That’s just a sample of what’s out there.  Wouldn’t it be awesome if there was an easy answer to the question, “What is love?”  Actually…come to think of it, that wouldn’t be awesome at all.  If there was an easy answer to that question, think of how many movies we’d lose.  The majority of art, music, and poetry would be wiped away.  Teenagers wouldn’t have anything to distract them from homework.  Hallmark wouldn’t exist.

The horror!!

There is no easy answer, just one that comes in many forms.

God:
“The best way to know God is to love many things.”  Vincent van Gogh
“Love means to commit oneself without guarantee, to give oneself completely in the hope that our love will produce love in the loved person.  Love is an act of faith, and whoever is of little faith is also of little love.”  Erich Fromm

Some believe that you have to love yourself before you can love others—including God.  To an extent, they would even have a decent point.  One could argue that if you don’t love yourself, it is impossible to love anyone else.  However, before you are even capable of loving yourself, you have to ask, “Where does love come from?”

God.

1 John 4:7-8 “Dear friends, let us love one another, for love comes from God.  Everyone who loves has been born of God and knows God.  Whoever does not love does, not love God, because God is love.”

God has graced us with the ability to love; therefore, it is impossible to love ourselves without accepting His gift.  How selfish would it be if we accepted that gift and first used it on ourselves rather than the Giver?

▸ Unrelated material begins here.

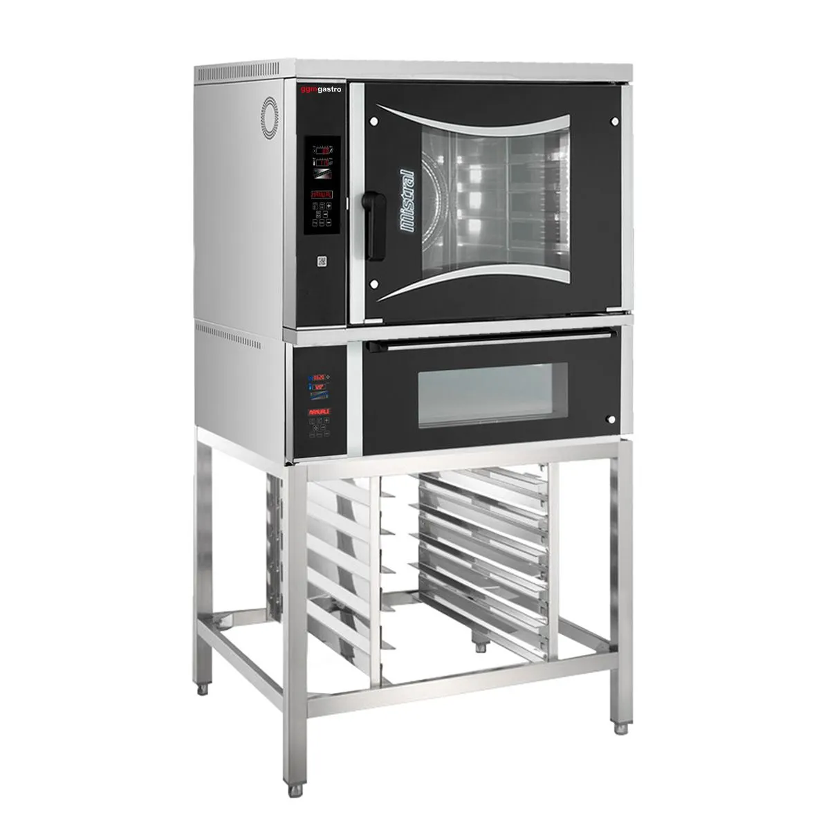 Digitálna pekárska plynová rúra – 6x EN 60×40, s pecou na pizzu, základný rám

That last question applies to all things.  God has given us everything.  He didn’t have to, but He did.  Praise Him for those gifts.  Praise Him at all times, good or bad.  Love Him at all times, good or bad.  Besides, it is commanded of us.  The Bible is full of commands, but which one is the most important?  We all know that story:

Mark 12:28-31 “One of the teachers of the law came and heard them debating.  Noticing that Jesus had given them a good answer, he asked him, ‘Of all the commandments, which is the most important?’

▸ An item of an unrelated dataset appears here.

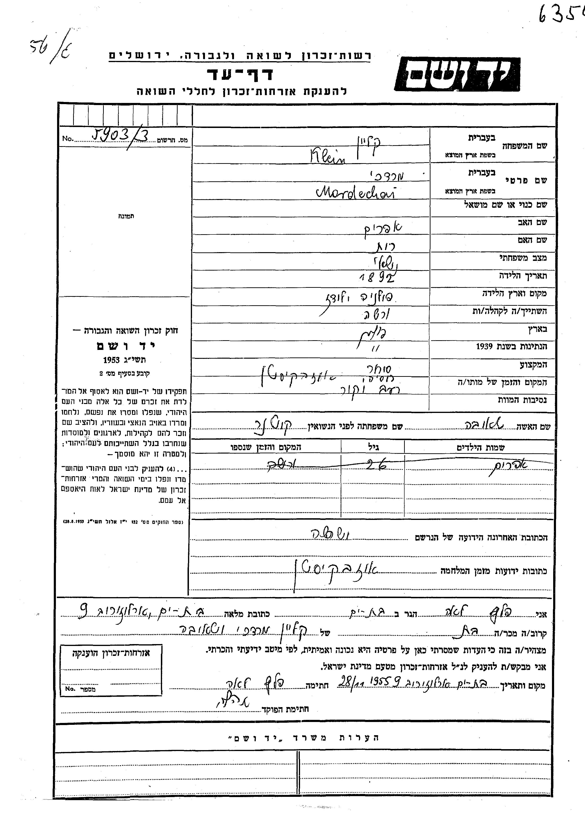 Mordechai Klein est né à Lodz, Pologne en 1892, fils de Efraim et de Rut. Il était Commerçant/e et Mariée à Tauba née Kutner. Avant la seconde guerre mondiale il vivait à Warsaw, Pologne. Au cours de la guerre, il était à Ouzbékistan (URSS).

“‘The most important one,’ answered Jesus, ‘is this: “Hear, O Israel, the Lord our God, the Lord is one.  Love the Lord your God with all your heart and with all your soul and with all your mind and with all your strength.”  The second is this: “Love your neighbor as yourself.”  There is no commandment greater than these.’”

I love you, O Lord, my strength. –Psalm 18:1

Self:
“The more anger towards the past you carry in your heart, the less capable you are of loving in the present.”  Barbara de Angelis

Yes, you should love others before yourself, but I will tackle that fun area later.  You have to love yourself.  Some believe that is arrogance.  I disagree.  God made you, which means that you are good.  How can you not love that?  Not loving yourself is telling God that you don’t love His gift.  He saw you as good, but you despise the package?  Loving yourself isn’t arrogance.  Loving yourself to the point that you insist others be like you is.

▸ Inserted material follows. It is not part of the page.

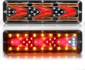 Ygmylandbb LED トラック テールランプ 24V シーケンシャル 流れる ウィンカー テールブレーキ スモール リアコンビネーショントラック トレーラー ボート用 テールライト 矢印タイプ 汎用 車検対応 ABS製 クリアレンズ 左右2個セット (レッド)

That being said, while you can love who you are, you should never settle.  I constantly tell others how amazingly awesome I am.  It is always said in a very tongue-in-cheek manner, but the truth is—I love who I am.  However, I cannot grow complacent with who I am.  I must look at who I want to be, and strive to reach that level.  I can honestly say that I am a better person today than I was yesterday, and my desire is to be a better person tomorrow than I am today.

That persistent drive for improvement is what I love most about myself. J

God saw you as good when He made you.  He still does.  Yes, you have flaws…who doesn’t?  Love yourself.  Look at yourself and see the good.  See God’s good.  Yet at the same time, acknowledge that we were made from clay and are in constant need of reshaping.

Jesus says in John 15: 10-11 “‘If you obey my commands, you will remain in my love, just as I have obeyed my Father’s commands and remain in his love.  I have told you this so that my joy may be in you and that your joy may be complete.’”

Spouse:
“At the touch of love, everyone becomes a poet.”  Plato
“Those who love deeply never grow old; they may die of old age, but they die young.”  Arthur Pinero
“The sweetest of all sounds is that of the voice of the (one) we love.”  Jean Bruyere
“You know you are in love when you can’t fall asleep because reality is finally better than your dreams.”  Dr. Seuss

It’s cliché to say that there is no “sign” when it comes to falling in love.  You just…know.  Well…it’s cliché for a reason.  It’s true.  If you have to ask if you’re in love with someone, then you’re not.  The biggest trap people fall into when it comes to loving a potential spouse is believing their feelings are love when they are really feeling infatuation.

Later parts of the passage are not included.